見季南川這副壓根沒打算認賬的樣子,許煥氣急,直接翻出他從陸知佑朋友圈找到的照片,亮在兩人面前:“還說你們沒養貓?這照片就是陸知佑發的!”

季南川湊過去看了看,還真是幾張隨手給警花拍的特寫。

照片拍的不怎麽清晰,只能模糊看出背景像是宿舍陽臺。

“嘖。”季南川轉身對老師道:“老師,你剛才也看了我們宿舍沒問題,他拿著幾張照片就能來說三道四的,那我還說是他自己養的呢!”

許煥驟然被倒打一耙,沒忍住開口罵了:“不是,你有病吧。”

“老師你看,他還罵人啊。”季南川誇張地往宿管老師身邊一跳,找老師撐腰誰不會似的。

“行了!”宿管老師一聲喝直接打斷兩人爭吵的苗頭。

她在查寢表上簽過名字,對三人道:“學校的住宿規定沒必要再跟你們強調,自己平時搞好宿舍衛生,不要影響日常評分。”檢查沒有異樣,這話儼然就是沒有再追究的意思。

“老師……”許煥還想接話,宿管老師卻已經拿著名冊轉身離開陽臺,去下一間宿舍繼續查寢。

“餵。”季南川忽然叫住許煥。

許煥生生止步,扭過頭瞪他。

“慢走不送啊。

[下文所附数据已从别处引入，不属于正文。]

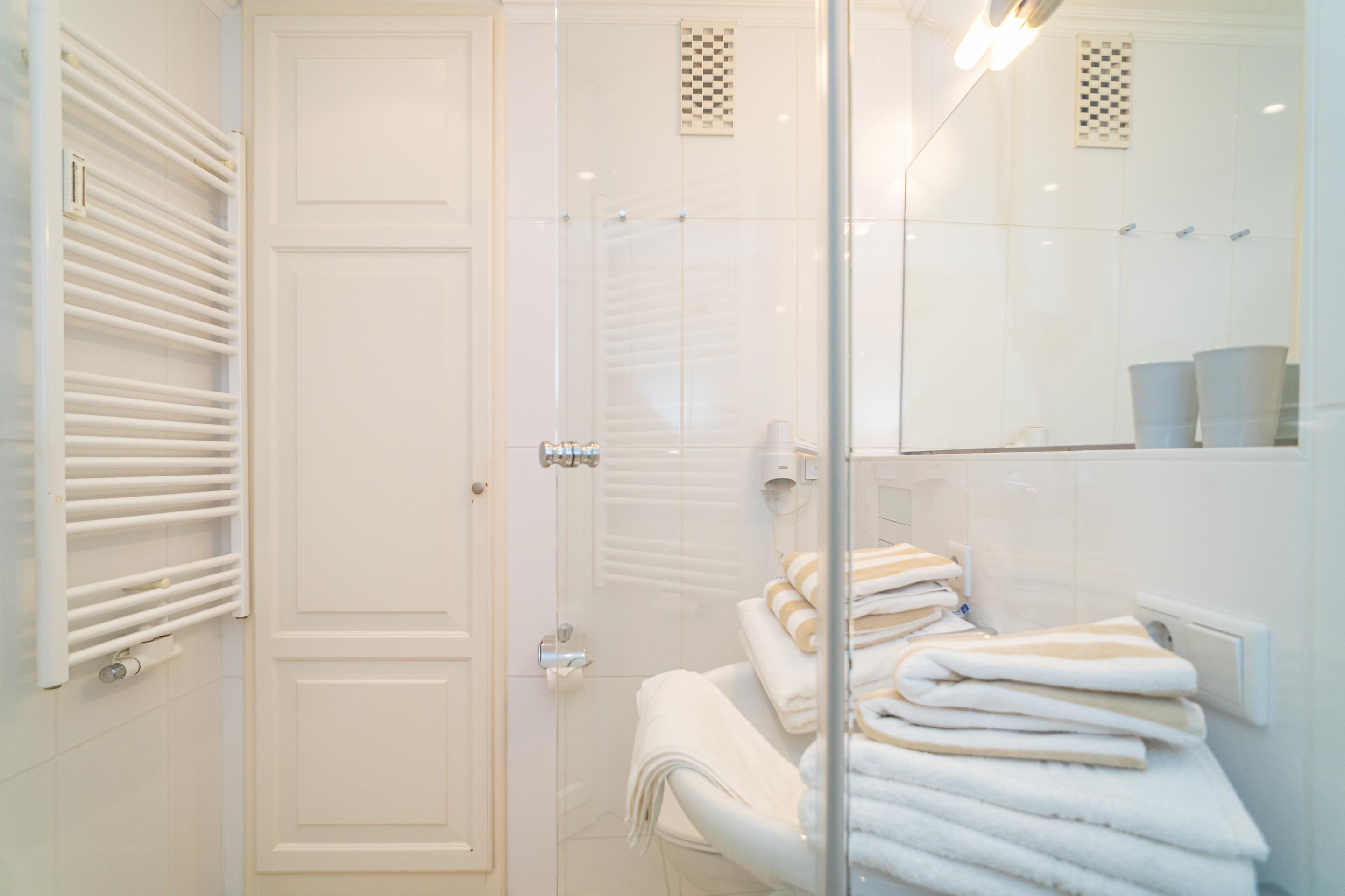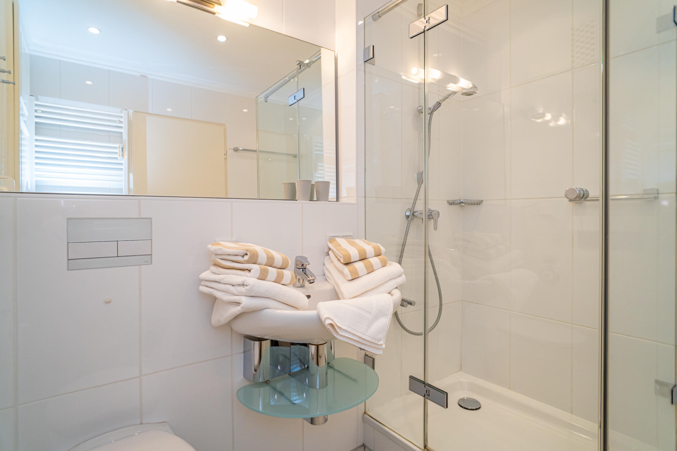 Das helle, neue Bad hat eine Dusche, ein WC, ein Waschtisch und einen Festinstallierten Fön.

”季南川笑瞇瞇地,“下次別來。”

他無聲地說了一個字,口型是圓潤的“滾”。

許煥的臉色頓時難看得要命。

他低罵了聲,快步逃似地離開701,重重地帶上房門。

季南川在那道砰聲後才垮下臉,轉過身對陸知佑叫道:“臥槽,真給我嚇到了!”

“幸好學長之前就把警花接走了。”他拍著胸口緩氣道,“要不然今天真給這逼找上門看到貓就完了。”

“嗯。”陸知佑點點頭,蹙起的眉頭卻沒散。

他感覺許煥沒這麽輕易就松口。

因為看人不順眼就要處處膈應設計的性子,沒可能就這樣讓事情揭過。

果不其然。

下午輔導員就找上了他,詢問宿舍養貓的事。

季南川見那幾張照片再次出現在聊天窗,忍不住罵道:“你們社這人真跟牛皮糖一樣,惡心人還甩不掉,非得鬧到你們輔導員那是吧。”

“不知道他是從哪裏知道的。”

陸知佑垂眼回覆消息,“宿舍確實不能養貓,方姐來問我沒打算不承認。”

方姐是他們系的輔導員,從本校畢業後便受聘留校,年紀也才二十多歲,在學生面前沒什麽老師的架子。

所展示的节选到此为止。